#### EXTRACTED DATA

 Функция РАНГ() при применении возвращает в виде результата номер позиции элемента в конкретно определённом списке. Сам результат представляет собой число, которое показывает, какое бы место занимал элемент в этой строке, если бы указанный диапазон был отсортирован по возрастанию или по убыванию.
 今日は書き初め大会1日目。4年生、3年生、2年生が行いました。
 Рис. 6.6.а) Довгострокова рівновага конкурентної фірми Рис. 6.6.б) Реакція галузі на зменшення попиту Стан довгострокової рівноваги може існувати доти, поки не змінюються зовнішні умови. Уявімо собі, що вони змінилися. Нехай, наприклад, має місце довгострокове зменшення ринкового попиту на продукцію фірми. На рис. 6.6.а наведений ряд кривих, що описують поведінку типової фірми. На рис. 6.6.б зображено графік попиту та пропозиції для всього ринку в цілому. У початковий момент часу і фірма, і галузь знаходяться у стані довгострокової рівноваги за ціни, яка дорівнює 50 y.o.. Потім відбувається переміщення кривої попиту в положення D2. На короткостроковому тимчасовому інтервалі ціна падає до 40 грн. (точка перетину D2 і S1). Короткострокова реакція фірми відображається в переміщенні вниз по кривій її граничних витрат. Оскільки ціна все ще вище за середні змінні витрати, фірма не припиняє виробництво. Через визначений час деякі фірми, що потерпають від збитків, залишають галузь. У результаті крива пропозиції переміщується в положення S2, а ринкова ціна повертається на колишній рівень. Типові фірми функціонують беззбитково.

########
#### EXTRACTED DATA

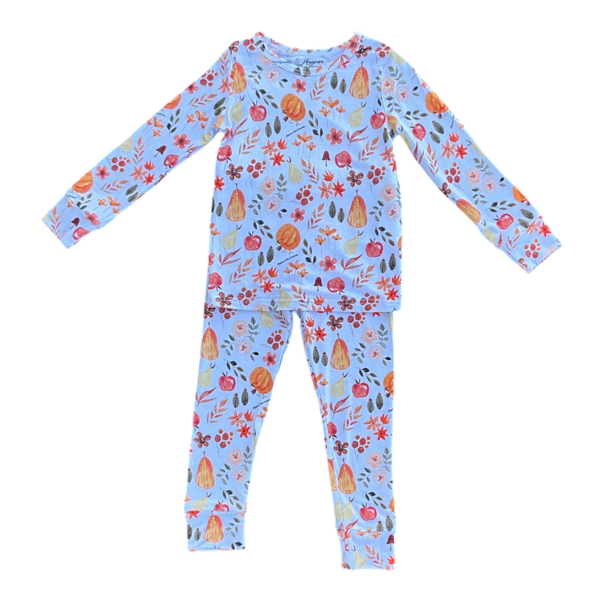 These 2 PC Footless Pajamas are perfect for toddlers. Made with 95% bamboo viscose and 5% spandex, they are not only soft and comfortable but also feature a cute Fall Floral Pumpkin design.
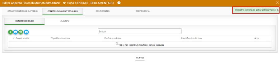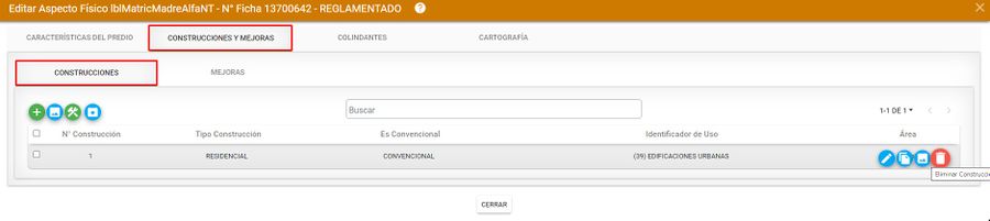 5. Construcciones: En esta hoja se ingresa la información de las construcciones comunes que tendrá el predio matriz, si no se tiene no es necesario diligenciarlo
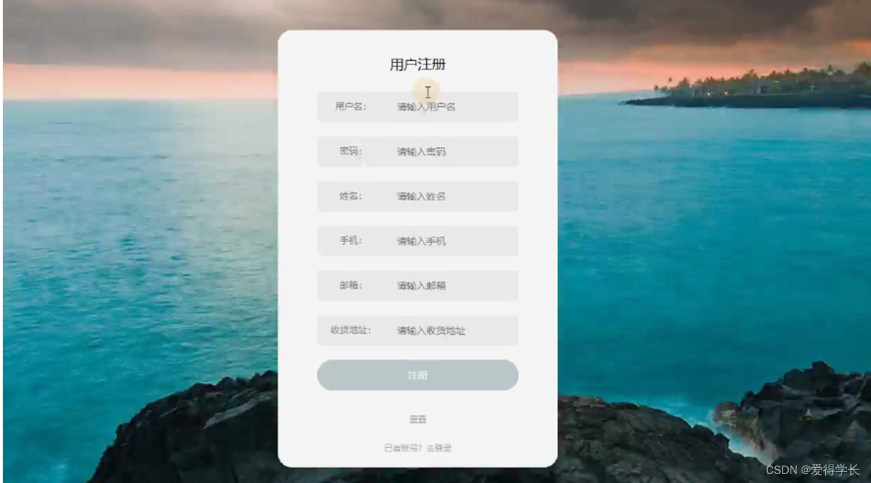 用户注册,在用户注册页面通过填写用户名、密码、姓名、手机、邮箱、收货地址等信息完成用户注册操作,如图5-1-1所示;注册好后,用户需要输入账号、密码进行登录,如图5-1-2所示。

########

TASK STATEMENT: Extract from the listing above the lines between the line containing "今日は書き初め大会1日目。4年生、3年生、2年生が行いました。" and the line containing "Рис. 6.6.а) Довгострокова", keeping both of those lines. Output nothing else.

EXERCISE RESULT:
 今日は書き初め大会1日目。4年生、3年生、2年生が行いました。
 Рис. 6.6.а) Довгострокова рівновага конкурентної фірми Рис. 6.6.б) Реакція галузі на зменшення попиту Стан довгострокової рівноваги може існувати доти, поки не змінюються зовнішні умови. Уявімо собі, що вони змінилися. Нехай, наприклад, має місце довгострокове зменшення ринкового попиту на продукцію фірми. На рис. 6.6.а наведений ряд кривих, що описують поведінку типової фірми. На рис. 6.6.б зображено графік попиту та пропозиції для всього ринку в цілому. У початковий момент часу і фірма, і галузь знаходяться у стані довгострокової рівноваги за ціни, яка дорівнює 50 y.o.. Потім відбувається переміщення кривої попиту в положення D2. На короткостроковому тимчасовому інтервалі ціна падає до 40 грн. (точка перетину D2 і S1). Короткострокова реакція фірми відображається в переміщенні вниз по кривій її граничних витрат. Оскільки ціна все ще вище за середні змінні витрати, фірма не припиняє виробництво. Через визначений час деякі фірми, що потерпають від збитків, залишають галузь. У результаті крива пропозиції переміщується в положення S2, а ринкова ціна повертається на колишній рівень. Типові фірми функціонують беззбитково.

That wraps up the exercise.